Goal of the exercise: In the entries that follow, find the line containing "- Мощни въртящи"; from there, copy every line exactly through the line containing "Ett vitbroderi kunde".

The records:
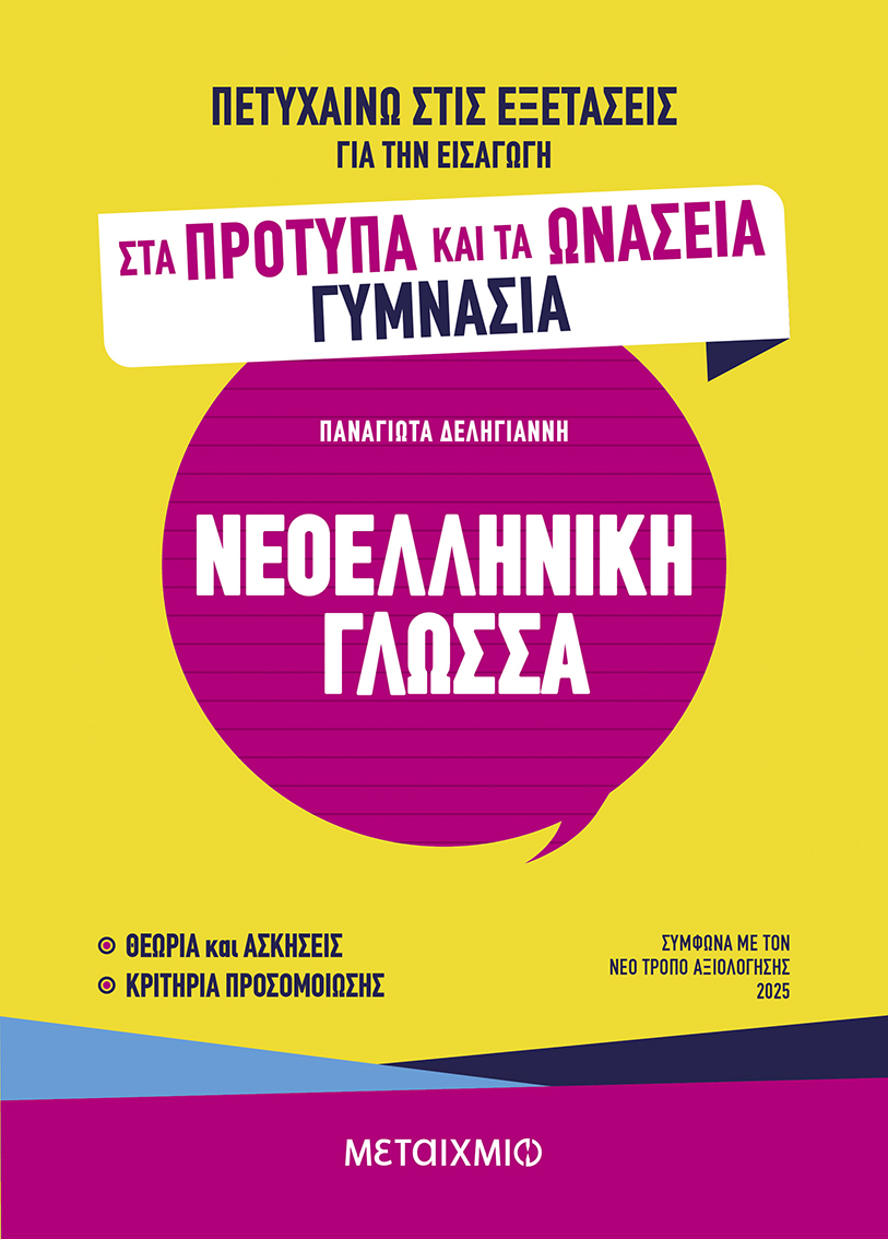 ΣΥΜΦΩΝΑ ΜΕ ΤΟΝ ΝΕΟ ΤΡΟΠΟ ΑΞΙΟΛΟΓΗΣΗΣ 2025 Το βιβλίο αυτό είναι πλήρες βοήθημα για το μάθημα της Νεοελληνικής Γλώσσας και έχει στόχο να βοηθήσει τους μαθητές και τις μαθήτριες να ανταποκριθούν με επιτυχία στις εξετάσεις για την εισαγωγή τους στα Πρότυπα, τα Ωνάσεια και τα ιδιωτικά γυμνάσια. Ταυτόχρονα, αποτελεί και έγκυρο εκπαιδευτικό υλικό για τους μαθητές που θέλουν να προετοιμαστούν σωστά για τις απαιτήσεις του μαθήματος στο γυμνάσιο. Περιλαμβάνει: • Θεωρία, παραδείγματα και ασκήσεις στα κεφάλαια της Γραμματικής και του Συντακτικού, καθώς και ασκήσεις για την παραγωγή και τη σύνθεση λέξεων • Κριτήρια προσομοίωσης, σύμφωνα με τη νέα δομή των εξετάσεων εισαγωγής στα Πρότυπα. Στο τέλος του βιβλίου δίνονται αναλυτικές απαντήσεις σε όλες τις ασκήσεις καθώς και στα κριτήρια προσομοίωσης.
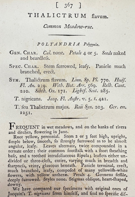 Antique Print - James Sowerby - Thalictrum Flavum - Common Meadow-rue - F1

* * *

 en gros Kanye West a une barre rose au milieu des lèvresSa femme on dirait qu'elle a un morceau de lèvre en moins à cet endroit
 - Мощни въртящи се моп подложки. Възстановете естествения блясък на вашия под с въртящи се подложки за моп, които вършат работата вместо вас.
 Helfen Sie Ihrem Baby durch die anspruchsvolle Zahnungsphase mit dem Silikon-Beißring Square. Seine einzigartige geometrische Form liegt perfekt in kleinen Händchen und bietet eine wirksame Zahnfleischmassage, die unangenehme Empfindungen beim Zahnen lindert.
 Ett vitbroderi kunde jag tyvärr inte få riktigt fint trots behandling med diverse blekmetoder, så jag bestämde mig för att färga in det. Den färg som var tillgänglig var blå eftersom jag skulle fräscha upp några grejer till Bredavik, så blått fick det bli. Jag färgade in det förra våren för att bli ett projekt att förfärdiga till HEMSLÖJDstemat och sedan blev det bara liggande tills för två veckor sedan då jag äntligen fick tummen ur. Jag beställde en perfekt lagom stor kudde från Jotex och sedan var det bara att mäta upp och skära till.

Exercise solution:
 - Мощни въртящи се моп подложки. Възстановете естествения блясък на вашия под с въртящи се подложки за моп, които вършат работата вместо вас.
 Helfen Sie Ihrem Baby durch die anspruchsvolle Zahnungsphase mit dem Silikon-Beißring Square. Seine einzigartige geometrische Form liegt perfekt in kleinen Händchen und bietet eine wirksame Zahnfleischmassage, die unangenehme Empfindungen beim Zahnen lindert.
 Ett vitbroderi kunde jag tyvärr inte få riktigt fint trots behandling med diverse blekmetoder, så jag bestämde mig för att färga in det. Den färg som var tillgänglig var blå eftersom jag skulle fräscha upp några grejer till Bredavik, så blått fick det bli. Jag färgade in det förra våren för att bli ett projekt att förfärdiga till HEMSLÖJDstemat och sedan blev det bara liggande tills för två veckor sedan då jag äntligen fick tummen ur. Jag beställde en perfekt lagom stor kudde från Jotex och sedan var det bara att mäta upp och skära till.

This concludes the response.